§ **Data extracts**
------------------------

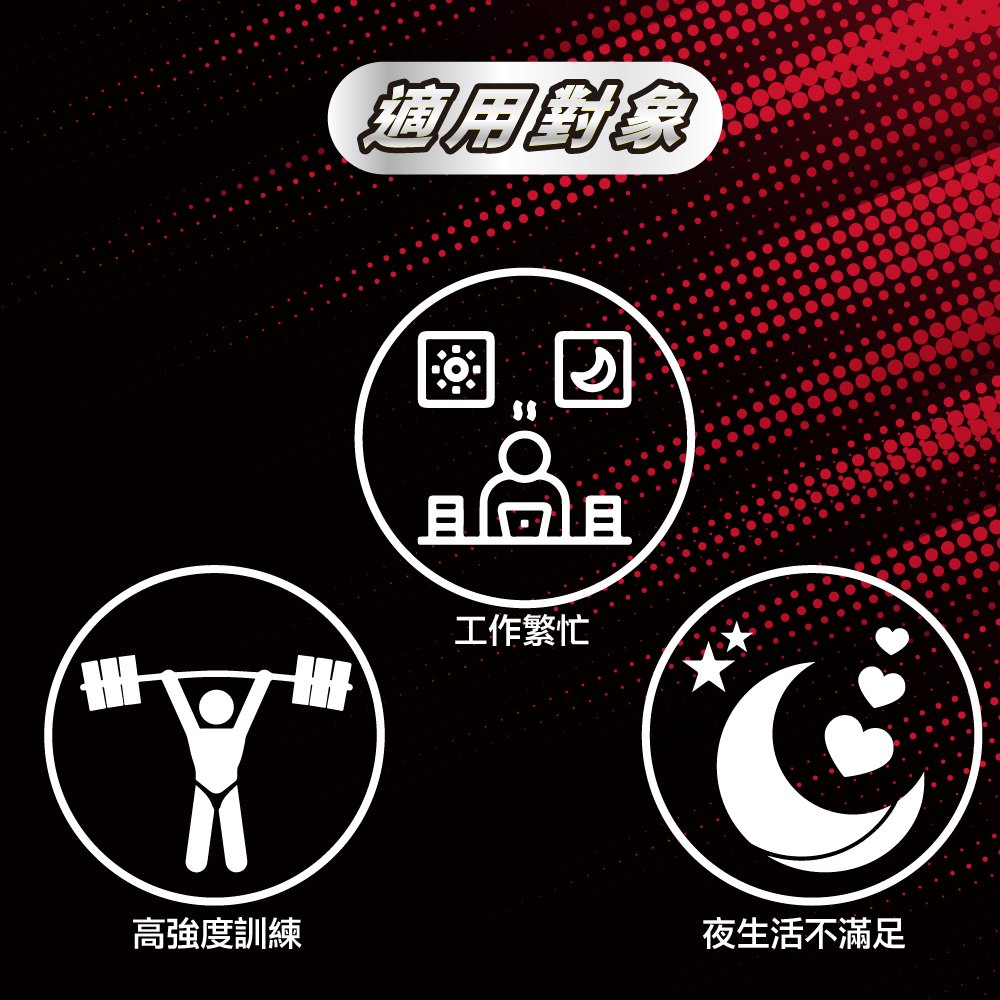 .釋放原初瑪力,能量鋅突破.激活續航能量,體力表現更充實.爆發戰力,精氣旺盛.BCAA 人體無法合成之必需胺基酸.專利紅黑馬卡x法國專利酵母鋅增強戰力Power Up!.L-精胺酸必要營養幫助生成一氧化氮
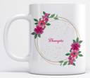 LOROFY Name Dhanyata Printed Pink & Green Floral Design White Ceramic Coffee Mug  (350 ml)
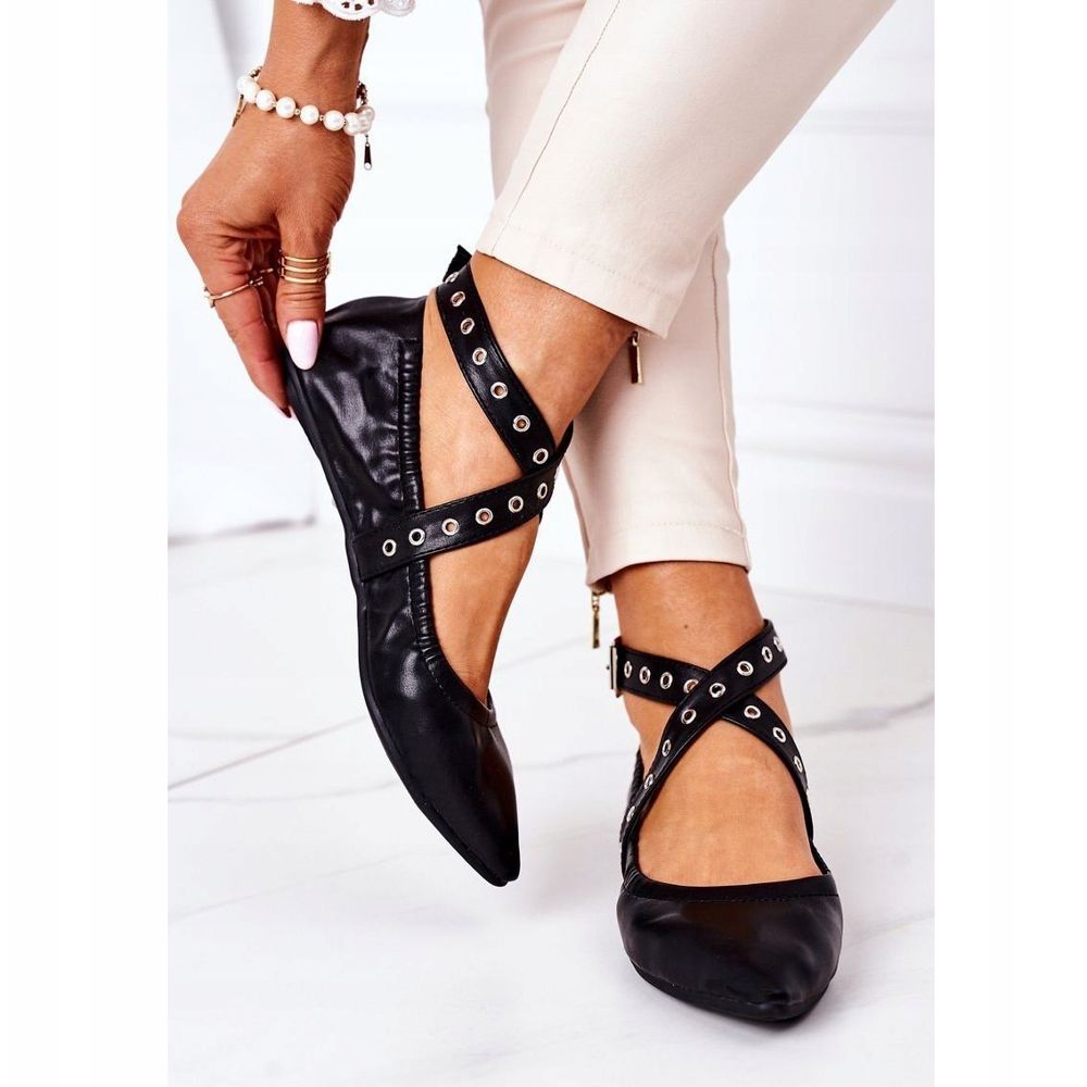 LU BOO Taitellut nahkaiset Lu Boo -baleriinit musta
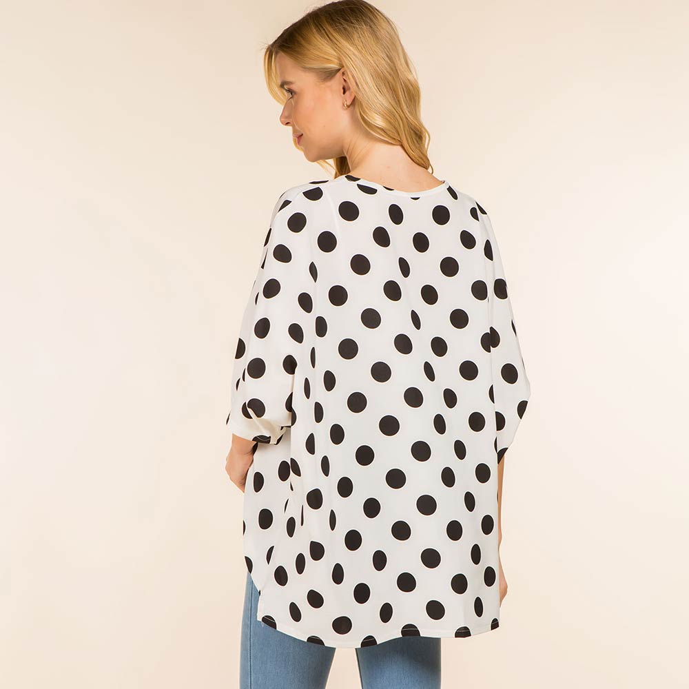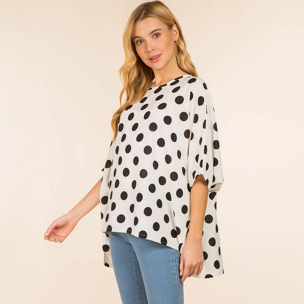 Details • Size : One Size • Material : 100% Polyester • Flowy poncho-style top designed with an allover polka dot pattern and a relaxed silhouette for effortless comfort and style. Drapes beautifully for everyday wear, travel, or casual outings. Easy to pair with jeans or leggings, making it a versatile fashion piece for gifting and boutique collections.
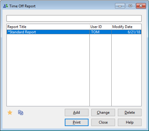Press the Add or Change button to add or modify a Time Off Report. For more information, see Adding or Changing a Time Off Report.
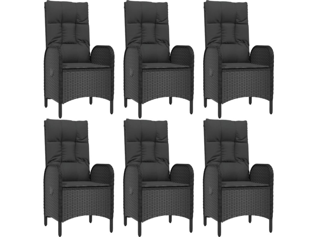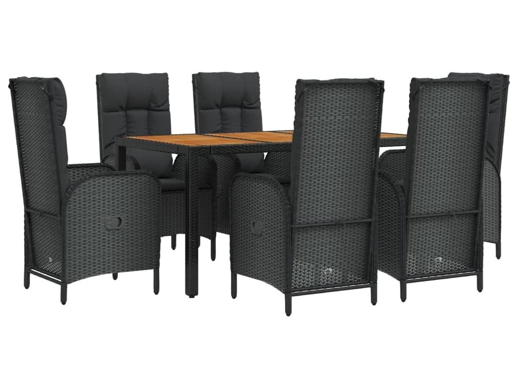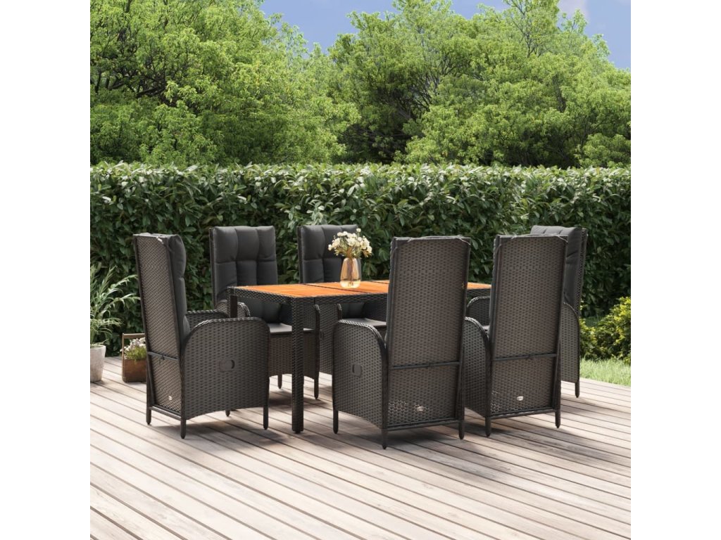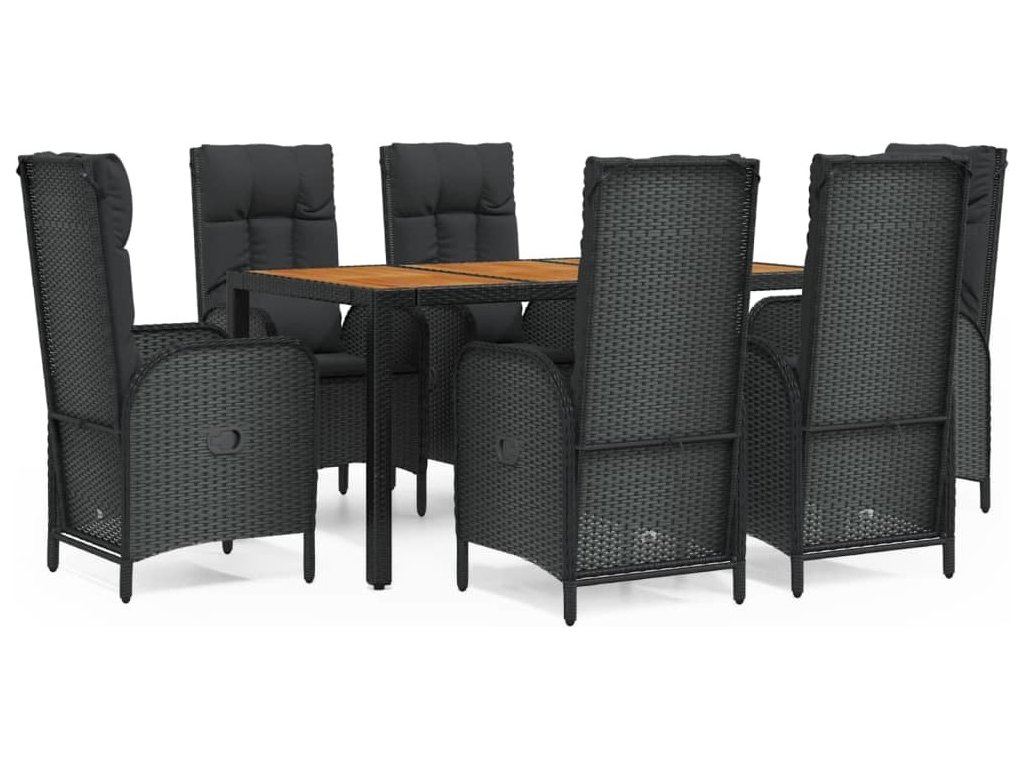 7dílný zahradní jídelní set s poduškami černý polyratan [3185071]
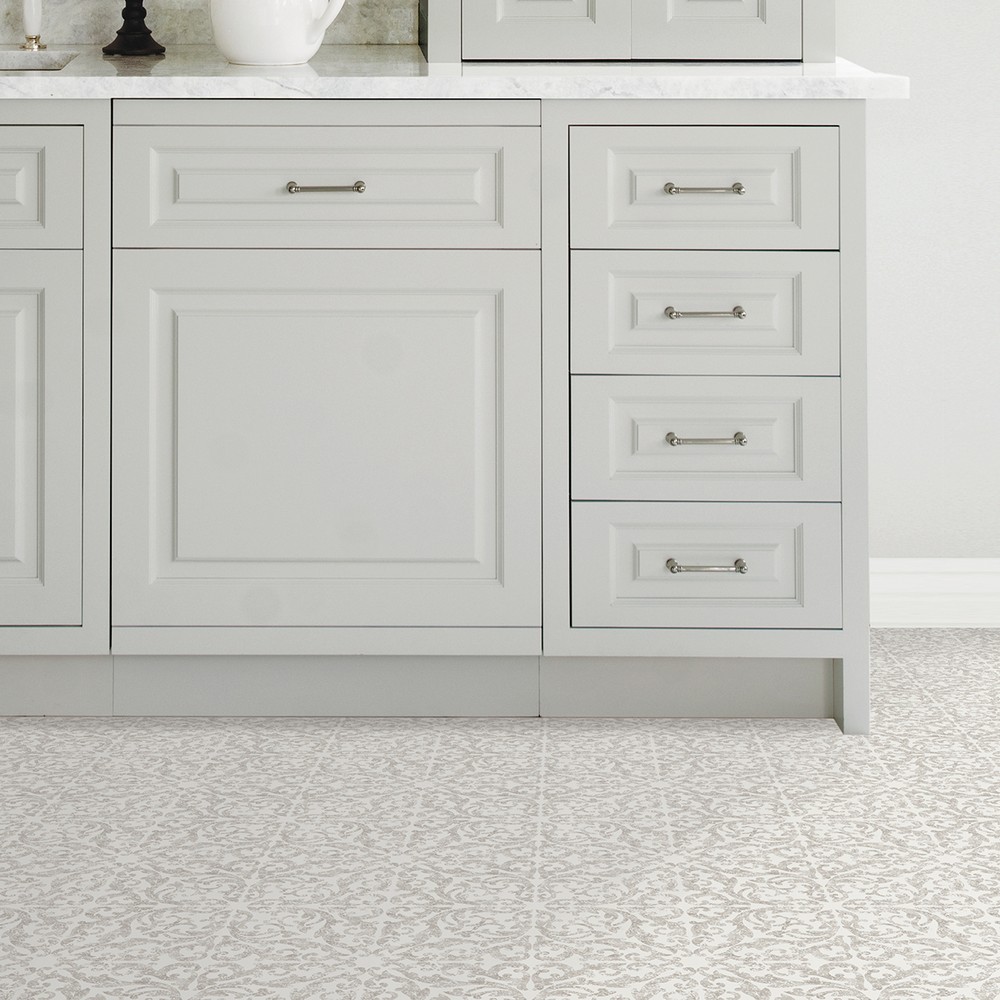 FloorPops current Brand: FloorPops Match: NA Sheet Length: 12 Sheet Width: 12 # of Sheets: 10 Polished and sophisticated taupe peel and stick floor tile Peel and stick to apply Easy installation - no grout or special tools needed Water resistant and washable Virgin Vinyl material with a textured low lustre finish and permanent adhesive makes tiles durable One package contains 10 tiles that each measure .06-in in depth Each tile measures 12 x 12 inches Floor Tiles Medallions current |
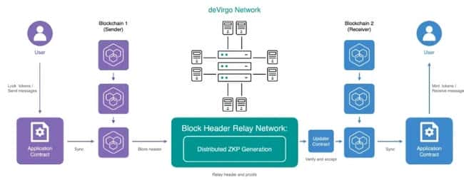 zkBridge 作为 Polyhedra Network 的核心产品,它被设计为一个无需信任的跨链桥。zkBridge 使用 zkSNARK 使证明者能够有效地让接收的链确认传送者链上发生了某种状态转换。它由区块头中继网路和更新合约组成。通过模组化设计,zkBridge 实现了几项有用的功能,包括讯息传递、代币转移以及在不同链上的状态变化上执行的其他计算逻辑。
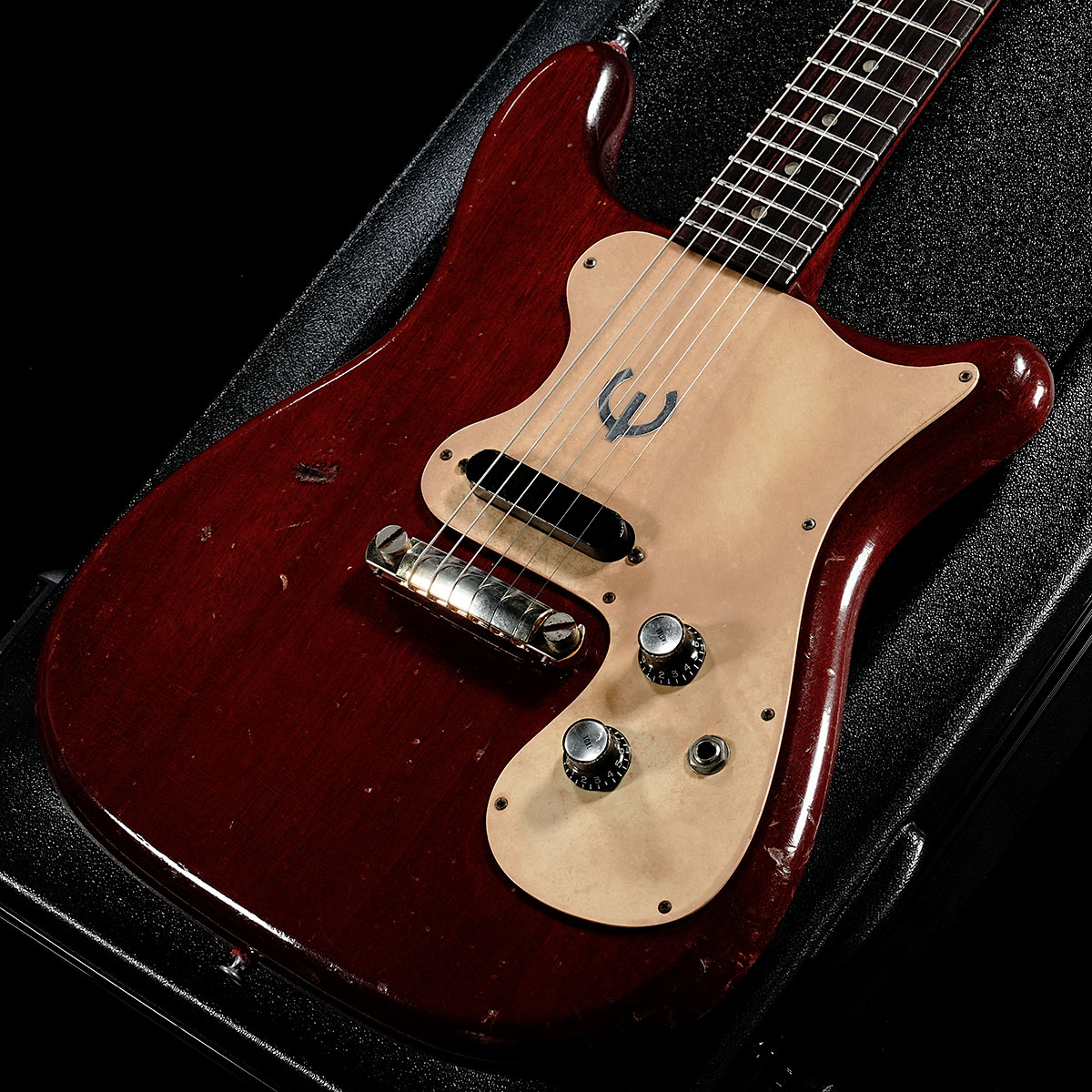 カラマズー工場で製造され、バットウイングヘッドが採用されていた時期のマホガニーボディ、シングルピックアップ仕様の本機。Olympicは、Cornetとボディが同様で、パーツの仕様が違うだけで呼び名が違う、何とも珍しいモデルであります。

------------------------

§ **Activity**
Give back an exact copy of only the lines from the one with "Details • Size" through the final line of the material, both included. Pictures do not belong in it.

§ **Response below**
 Details • Size : One Size • Material : 100% Polyester • Flowy poncho-style top designed with an allover polka dot pattern and a relaxed silhouette for effortless comfort and style. Drapes beautifully for everyday wear, travel, or casual outings. Easy to pair with jeans or leggings, making it a versatile fashion piece for gifting and boutique collections.
Press the Add or Change button to add or modify a Time Off Report. For more information, see Adding or Changing a Time Off Report.
 7dílný zahradní jídelní set s poduškami černý polyratan [3185071]
 FloorPops current Brand: FloorPops Match: NA Sheet Length: 12 Sheet Width: 12 # of Sheets: 10 Polished and sophisticated taupe peel and stick floor tile Peel and stick to apply Easy installation - no grout or special tools needed Water resistant and washable Virgin Vinyl material with a textured low lustre finish and permanent adhesive makes tiles durable One package contains 10 tiles that each measure .06-in in depth Each tile measures 12 x 12 inches Floor Tiles Medallions current |
 zkBridge 作为 Polyhedra Network 的核心产品,它被设计为一个无需信任的跨链桥。zkBridge 使用 zkSNARK 使证明者能够有效地让接收的链确认传送者链上发生了某种状态转换。它由区块头中继网路和更新合约组成。通过模组化设计,zkBridge 实现了几项有用的功能,包括讯息传递、代币转移以及在不同链上的状态变化上执行的其他计算逻辑。
 カラマズー工場で製造され、バットウイングヘッドが採用されていた時期のマホガニーボディ、シングルピックアップ仕様の本機。Olympicは、Cornetとボディが同様で、パーツの仕様が違うだけで呼び名が違う、何とも珍しいモデルであります。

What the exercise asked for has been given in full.